The question is one of priority. Whether to pursue meaning, or beauty, that is the question. In so many plays on so many words, Shakespeare echoes through the heart chambers of historic memory, how human beauty causes men to question their claims on the green, wild earth, and to wonder if there are other points to life than merely to fulfill a presupposed moral destiny.

Yet, in the court of Navarre, Ferdinand, "The King," and his fellow gangsters, Berowne and Dumain, determine to renounce women and other earthly pleasures once and for all! They will live in books, and books alone. Books, however, lead some to poetry. And poetry, to love.

Private confession leads to public shame. And then there is endearing Don Armato, the quavering Italian socialite with a penchant for a quick tug on the heartstrings. To his own surprise, none other than the indecorous bawd of "Second-Hand" Rosaline strings him right up, and causes him to choke, breathless with passion.

His unapologetic wiles are an instant crowd hit against the dramatic tension of the youthful, scholarly abstention. And in a twist of wits, when Princess, Katherine and Boyet show up at Navarre, they are not so easily as subject to the temptations of men as their opposites had assumed.

Love itself becomes the ultimate test of devotion. While Armato is quick to take up a three-year resolution with his new lover, the men of Navarre are suddenly reticent, and the women equally conflicted to be with men who had so easily cast off their personal commitments just to be with them.

Shakespearian language is a semantic exercise in punctuation.
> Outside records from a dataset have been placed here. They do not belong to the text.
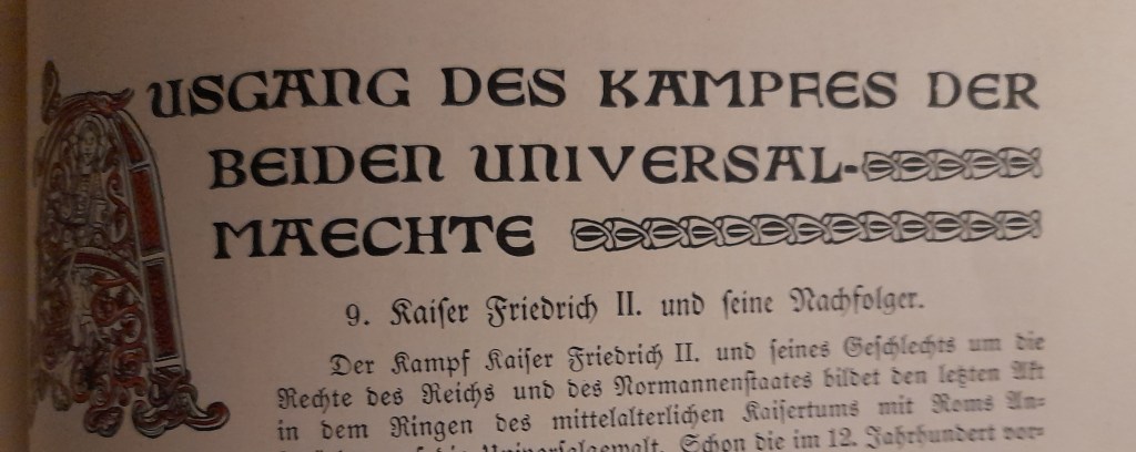Zum Sonntagabend gibt es noch ein wenig Deutsche Geschichte. Dieser dritte Teil des Kapitels zu Friedrich II. , reicht von der Zeit auf der Höhe seiner Macht bis zu Beginn des Entscheidungskampfes zwischen Kaisertum und Papsttum.
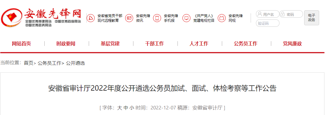 原文标题:安徽省审计厅2022年度公开遴选公务员加试、面试、体检考察等工作公告
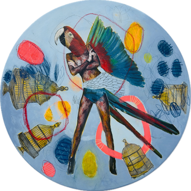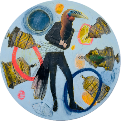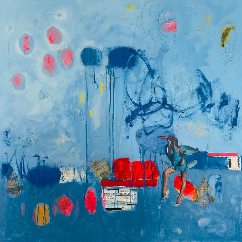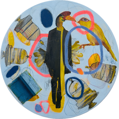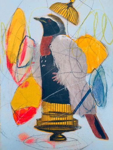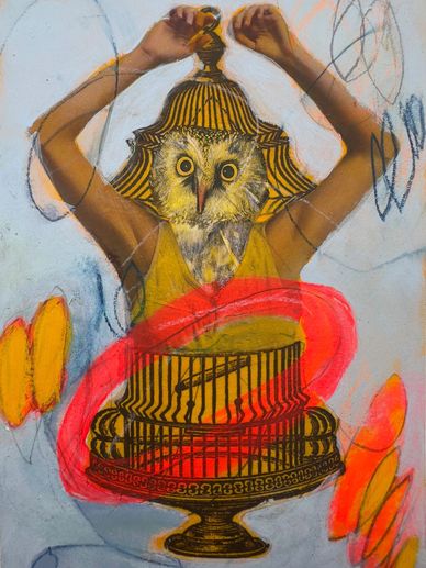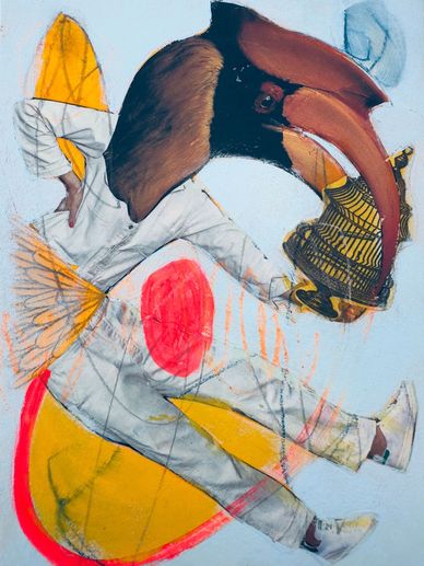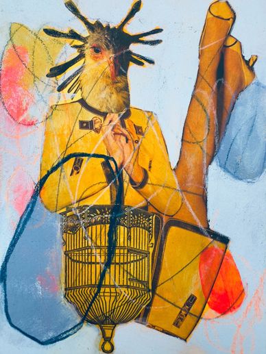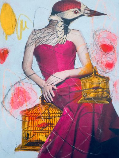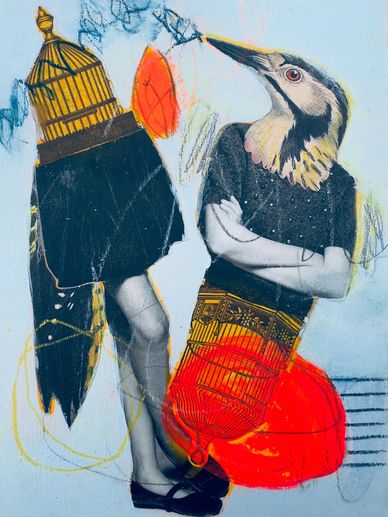 Silent Migration is a striking visual narrative that unearths the complex interplay between freedom and constraint, identity and societal expectation. Through a fusion of collage, painting, and abstraction, this series presents a surreal yet deeply symbolic universe where women are depicted as bird-headed figures navigating a landscape of cages—both real and metaphorical.

In the titular words of his early comedy, the young playwright points to the one of the commonest of conundrums experienced by romantic lovers. Only true love is effortless, he proclaims to a properly humorous effect. Love arises when all of its labour's are lost. Whether it is a love for brotherhood, study, or for a life partner, that selfless simplicity is, paradoxically, one of the most exasperating of realizations.

Opening with song, and closing to the sweet tune of Twenties nostalgia, musical director Ben Elliott warmed the packed house with the warmest collection of standards, such as Fats Waller's Ain't Misbehavin' and, of course, Let's Do It, Let's Fall In Love. Every musician acted wonderfully alongside the superb cast of true-to-life thespians, as instruments changed hands, and the comedy provoked rolling bellies from adolescent to elder all the same.